* [Work item] Provide only the number of lines in the records below that contain "Whether".
BEGIN Data provided
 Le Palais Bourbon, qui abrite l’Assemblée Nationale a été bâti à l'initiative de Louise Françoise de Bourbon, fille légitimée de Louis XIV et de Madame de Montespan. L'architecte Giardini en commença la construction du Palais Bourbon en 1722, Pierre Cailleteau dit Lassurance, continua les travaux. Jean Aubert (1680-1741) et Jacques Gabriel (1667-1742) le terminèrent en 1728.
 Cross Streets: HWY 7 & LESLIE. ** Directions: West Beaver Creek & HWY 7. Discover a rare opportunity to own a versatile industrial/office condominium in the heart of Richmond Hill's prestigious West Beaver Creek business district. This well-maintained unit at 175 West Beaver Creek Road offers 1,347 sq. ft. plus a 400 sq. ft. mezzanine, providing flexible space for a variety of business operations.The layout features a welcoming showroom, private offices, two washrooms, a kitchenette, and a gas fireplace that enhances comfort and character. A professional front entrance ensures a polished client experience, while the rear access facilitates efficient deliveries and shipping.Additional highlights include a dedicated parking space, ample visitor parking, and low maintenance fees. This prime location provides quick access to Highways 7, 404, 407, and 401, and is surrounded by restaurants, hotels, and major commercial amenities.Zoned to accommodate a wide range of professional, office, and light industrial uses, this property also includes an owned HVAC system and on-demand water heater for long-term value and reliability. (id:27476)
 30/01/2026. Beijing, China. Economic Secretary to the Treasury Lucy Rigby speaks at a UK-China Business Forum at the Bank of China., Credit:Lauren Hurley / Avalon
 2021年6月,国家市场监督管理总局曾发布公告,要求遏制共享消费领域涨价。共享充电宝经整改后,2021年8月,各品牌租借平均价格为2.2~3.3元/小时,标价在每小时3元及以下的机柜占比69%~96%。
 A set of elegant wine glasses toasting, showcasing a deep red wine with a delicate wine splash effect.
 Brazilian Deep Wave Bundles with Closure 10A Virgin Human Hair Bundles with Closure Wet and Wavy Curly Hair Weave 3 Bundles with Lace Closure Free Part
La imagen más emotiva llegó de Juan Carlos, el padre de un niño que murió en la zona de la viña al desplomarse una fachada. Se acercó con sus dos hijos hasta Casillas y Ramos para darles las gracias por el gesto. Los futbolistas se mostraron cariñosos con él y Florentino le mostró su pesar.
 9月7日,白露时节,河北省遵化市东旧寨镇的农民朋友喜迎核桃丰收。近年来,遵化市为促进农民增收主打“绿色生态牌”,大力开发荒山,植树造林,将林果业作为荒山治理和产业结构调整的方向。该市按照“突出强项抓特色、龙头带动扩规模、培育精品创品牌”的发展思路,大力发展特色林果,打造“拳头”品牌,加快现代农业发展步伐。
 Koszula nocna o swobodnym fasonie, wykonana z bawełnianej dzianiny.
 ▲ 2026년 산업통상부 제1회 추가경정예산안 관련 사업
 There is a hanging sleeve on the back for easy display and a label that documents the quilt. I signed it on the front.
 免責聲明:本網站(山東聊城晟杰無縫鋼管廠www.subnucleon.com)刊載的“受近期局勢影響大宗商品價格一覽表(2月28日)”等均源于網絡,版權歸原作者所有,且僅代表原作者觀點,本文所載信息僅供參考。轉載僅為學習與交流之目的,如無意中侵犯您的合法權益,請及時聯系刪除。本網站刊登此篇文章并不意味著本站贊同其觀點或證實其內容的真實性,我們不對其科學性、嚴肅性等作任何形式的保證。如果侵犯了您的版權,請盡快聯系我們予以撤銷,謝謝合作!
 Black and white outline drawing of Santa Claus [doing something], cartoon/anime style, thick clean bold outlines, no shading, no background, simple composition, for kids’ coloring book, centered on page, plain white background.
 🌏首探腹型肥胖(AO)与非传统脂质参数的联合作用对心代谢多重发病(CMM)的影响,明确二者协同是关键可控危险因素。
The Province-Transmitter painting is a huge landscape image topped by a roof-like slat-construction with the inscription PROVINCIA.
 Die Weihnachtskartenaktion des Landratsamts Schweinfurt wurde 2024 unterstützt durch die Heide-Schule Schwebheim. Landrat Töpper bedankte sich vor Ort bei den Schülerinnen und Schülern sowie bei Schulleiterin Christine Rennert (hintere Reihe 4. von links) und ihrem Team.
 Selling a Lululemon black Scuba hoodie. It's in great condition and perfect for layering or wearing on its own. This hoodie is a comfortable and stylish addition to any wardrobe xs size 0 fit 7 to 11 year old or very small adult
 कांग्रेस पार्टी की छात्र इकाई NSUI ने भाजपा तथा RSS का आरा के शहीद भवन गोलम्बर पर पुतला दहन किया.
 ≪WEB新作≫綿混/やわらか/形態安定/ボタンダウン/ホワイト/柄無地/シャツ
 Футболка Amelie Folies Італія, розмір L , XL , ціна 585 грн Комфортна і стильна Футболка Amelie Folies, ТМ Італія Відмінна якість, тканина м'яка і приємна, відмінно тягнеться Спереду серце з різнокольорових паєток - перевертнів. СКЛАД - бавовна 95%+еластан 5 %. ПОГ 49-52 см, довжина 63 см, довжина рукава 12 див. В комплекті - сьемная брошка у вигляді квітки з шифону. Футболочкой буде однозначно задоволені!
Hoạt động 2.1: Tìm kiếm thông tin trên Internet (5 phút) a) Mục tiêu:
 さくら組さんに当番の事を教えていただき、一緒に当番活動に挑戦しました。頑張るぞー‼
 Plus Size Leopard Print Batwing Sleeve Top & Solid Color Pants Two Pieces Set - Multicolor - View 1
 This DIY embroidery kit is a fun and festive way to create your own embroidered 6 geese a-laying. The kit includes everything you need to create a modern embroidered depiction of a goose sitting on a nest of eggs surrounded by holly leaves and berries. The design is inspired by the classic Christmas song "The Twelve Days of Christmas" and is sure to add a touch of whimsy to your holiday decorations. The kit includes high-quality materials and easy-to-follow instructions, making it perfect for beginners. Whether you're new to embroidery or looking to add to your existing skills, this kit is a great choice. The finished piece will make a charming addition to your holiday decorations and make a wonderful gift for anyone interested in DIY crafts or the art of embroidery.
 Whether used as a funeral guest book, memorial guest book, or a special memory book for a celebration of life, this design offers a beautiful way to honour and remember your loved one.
END Data provided
* [Exercise result] 2